Troubles liés à la nicotine
Texte intégral
La dépendance et le sevrage à la nicotine peuvent se développer lors de l'utilisation d'une forme quelconque de tabac (cigarettes, tabac à chiquer ou à priser, pipes, cigares) y compris de médications prescrites (gomme à mâcher à la nicotine et patch).
La capacité relative de ces produits à produire une dépendance ou à induire un sevrage dépend de la rapidité d'action de la voie d'administration (fumée plus rapide que voie orale, elle-même plus rapide que voie transdermale) et de la quantité de nicotine du produit.

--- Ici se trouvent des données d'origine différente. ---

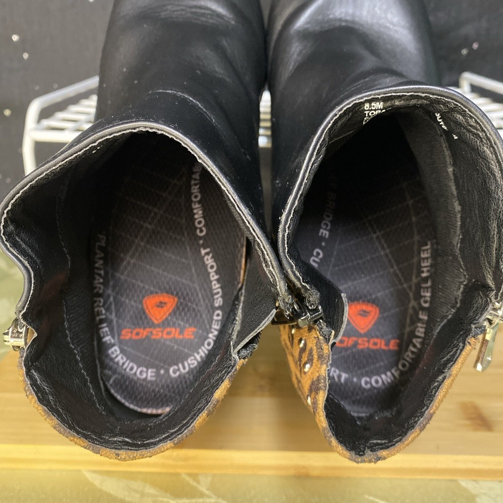 $ 60.72Steve Madden West Black Leather Western Boots Block Heel Size 8.5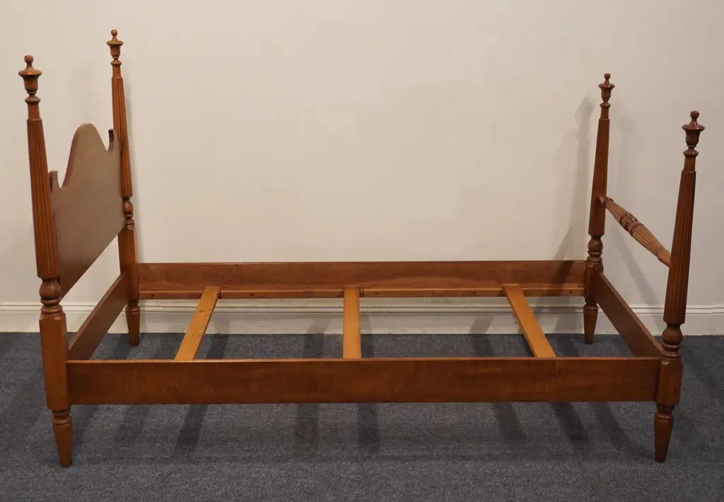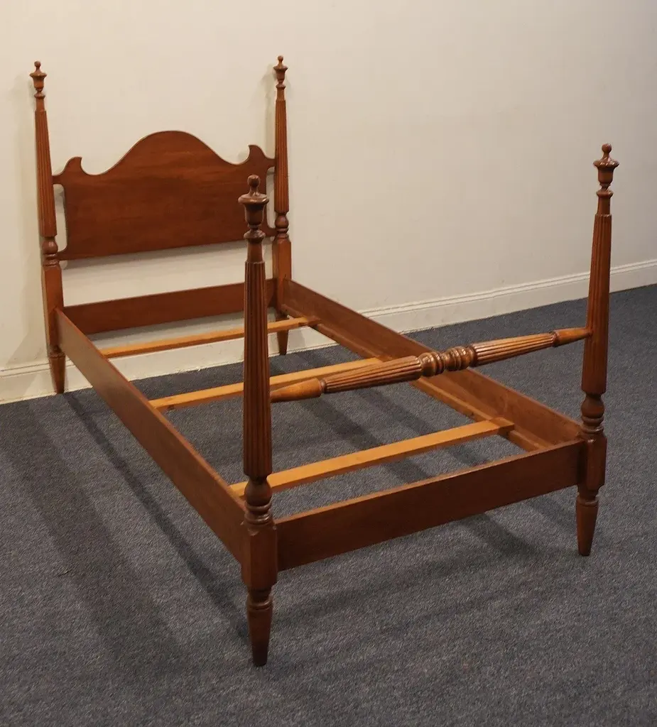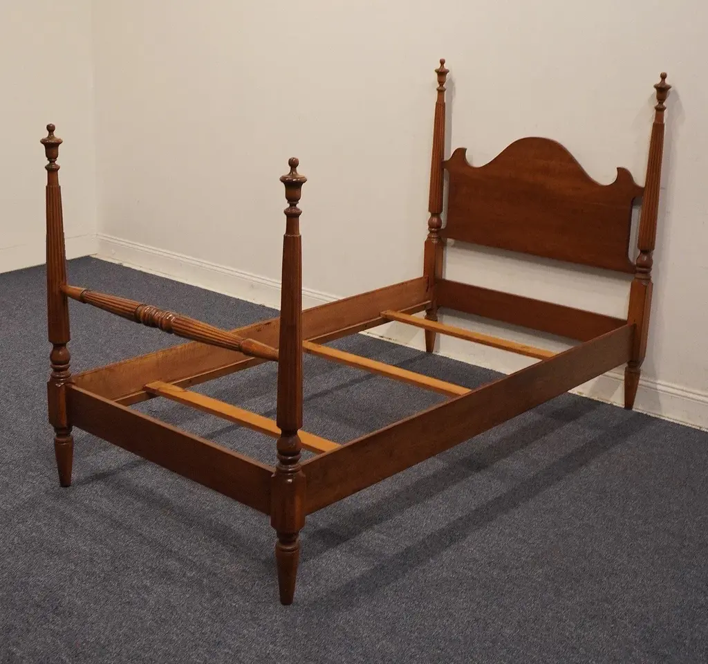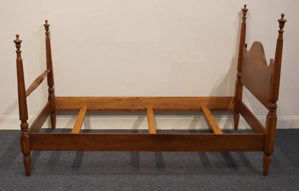 Vintage Antique Solid Mahogany Italian Inspired Traditional Style Four Poster Twin Bed

Cette section comprend des précisions spécifiques aux troubles liés à la nicotine. Des textes et des critères ont déjà été donnés pour définir les aspects généraux d'une dépendance à une substance qui s'appliquent quelle que soit la substance.
L'application de ces critères généraux à la dépendance à la nicotine est indiquée ci-dessous.
Compte tenu du faible nombre de données cliniques pertinentes, l'intoxication à la nicotine et l'abus de nicotine ne sont pas inclus dans le DSM-IV.
Un texte spécifique et un ensemble de critères pour le sevrage à la nicotine sont aussi donnés ci-dessous.
Dépendance à la nicotine
Se référer aussi au texte et aux critères pour une dépendance à une substance.
Certains des critères généraux de dépendance ne paraissent pas s'appliquer à la nicotine alors que d'autres nécessitent des explications supplémentaires.
La tolérance à la nicotine se manifeste par des effets plus intenses de la nicotine lors de la prise initiale pendant la journée et par l'absence de nausées, d'étourdissements et d'autres symptômes caractéristiques, malgré l'utilisation de quantités substantielles de nicotine.
L'arrêt de l'utilisation de la nicotine produit un syndrome de sevrage bien défini qui est décrit ci-dessous. De nombreux sujets qui utilisent la nicotine en prennent pour soulager ou éviter les symptômes de sevrage quand ils s'éveillent ou après s'être trouvés dans une situation où l'utilisation est limitée (ex. : au travail ou dans un avion). Les sujets qui fument ou les autres sujets qui utilisent de la nicotine utilisent leur réserve de cigarettes ou d'autres produits contenant de la nicotine plus rapidement qu'ils ne le voudraient.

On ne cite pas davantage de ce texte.